- Born: 1760 London, England
- Died: 2 September 1829 (aged 68–69) Albion, Illinois
- Occupation(s): Brewer, banker, farmer, writer
- Known for: Settlement of Edwards County, Illinois

= Richard Flower (settler) =

English banker, brewer and pioneer of Albion, Illinois

Richard Flower (1760–1829) was an English banker and brewer who was one of the pioneers of Albion, Illinois and promoted English immigration to the USA after the War of 1812.

==Early life==
Richard was the youngest son of George Flower (1715–1778), who had a stationery business in the City of London, and his wife Martha Fuller (1717-1805). She was the sister of two influential bankers: William Fuller, who became one of the richest men in England, and Richard Fuller, a long-serving Member of Parliament. His elder brother was Benjamin Flower.

==Career==
Initially destined for an agricultural career, Richard instead went into business in Hertford, becoming a brewer and a banker. In 1803 he was able to sell up and retire to his country estate of Marden Hill, where he farmed and also pursued his political interests. These included financial support for his brother Benjamin's radical publications and his own campaigns against what he considered unjust taxation.

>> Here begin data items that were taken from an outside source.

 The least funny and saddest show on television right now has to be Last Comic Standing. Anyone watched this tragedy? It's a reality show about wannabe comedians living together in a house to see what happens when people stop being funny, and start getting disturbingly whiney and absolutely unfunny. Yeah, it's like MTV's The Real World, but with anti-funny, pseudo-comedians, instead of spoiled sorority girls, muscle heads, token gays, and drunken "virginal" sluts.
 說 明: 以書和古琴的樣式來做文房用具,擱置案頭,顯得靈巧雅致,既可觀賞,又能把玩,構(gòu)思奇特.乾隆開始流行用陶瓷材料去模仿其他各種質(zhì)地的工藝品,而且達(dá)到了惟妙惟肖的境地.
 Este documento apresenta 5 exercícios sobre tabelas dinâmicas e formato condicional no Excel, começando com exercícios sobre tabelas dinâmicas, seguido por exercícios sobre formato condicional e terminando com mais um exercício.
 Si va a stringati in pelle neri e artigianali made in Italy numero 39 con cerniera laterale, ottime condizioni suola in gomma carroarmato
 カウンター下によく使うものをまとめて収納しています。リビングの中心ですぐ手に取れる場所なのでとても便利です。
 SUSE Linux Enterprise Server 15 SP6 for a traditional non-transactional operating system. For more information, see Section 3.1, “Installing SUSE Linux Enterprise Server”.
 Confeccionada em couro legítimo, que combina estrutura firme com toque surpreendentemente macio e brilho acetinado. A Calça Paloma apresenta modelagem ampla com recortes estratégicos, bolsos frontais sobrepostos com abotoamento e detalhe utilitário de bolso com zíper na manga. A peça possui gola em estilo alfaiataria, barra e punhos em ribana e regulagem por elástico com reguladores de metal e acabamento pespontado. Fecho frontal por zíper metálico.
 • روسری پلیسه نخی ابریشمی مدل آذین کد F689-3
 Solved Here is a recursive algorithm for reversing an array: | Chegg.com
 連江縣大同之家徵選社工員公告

In 1817 he sold up and took his whole family with all their possessions to join his son George in Illinois.

==Family==
On 25 December 1786 at Hertford, Richard married Elizabeth Fordham (1765–1846), daughter of Edward Fordham (1721–1778) and sister of the brewer and banker Edward King Fordham. They had ten children, including George Flower (1788–1862) who with Morris Birkbeck was one of the founders of the English Settlement in Illinois, Martha Flower (1800–1838) who married William Pickering (governor), Mary Katherine Flower (1802–1852) who wed Sir Francis Ronalds' brother Hugh Ronalds, and the brewer Edward Fordham Flower.

==Publications==
- Observations on Beer and Brewers, in which the inequality, injustice and impolicy of the malt and beer tax are demonstrated. Richard Flower. Cambridge, 1802
- Abolition of Tithe recommended, in an address to the agriculturalists of Great Britain ... with some observations on the present construction of the law of tithing, etc. Richard Flower. Harlow, 1809.
- Flower's Letters from Lexington (25 June 1819) and the Illinois (August 16, 1819). Reprint of the original edition. Richard Flower. London, 1819. 1819
- Letters from the Illinois, 1820, 1821. Containing an account of the English settlement at Albion and its vicinity, and a refutation of various misrepresentations, those more particularly of Mr. Cobbett; with a letter from M. Birkbeck; and a preface and notes by B. Flower. Richard Flower. London, 1822.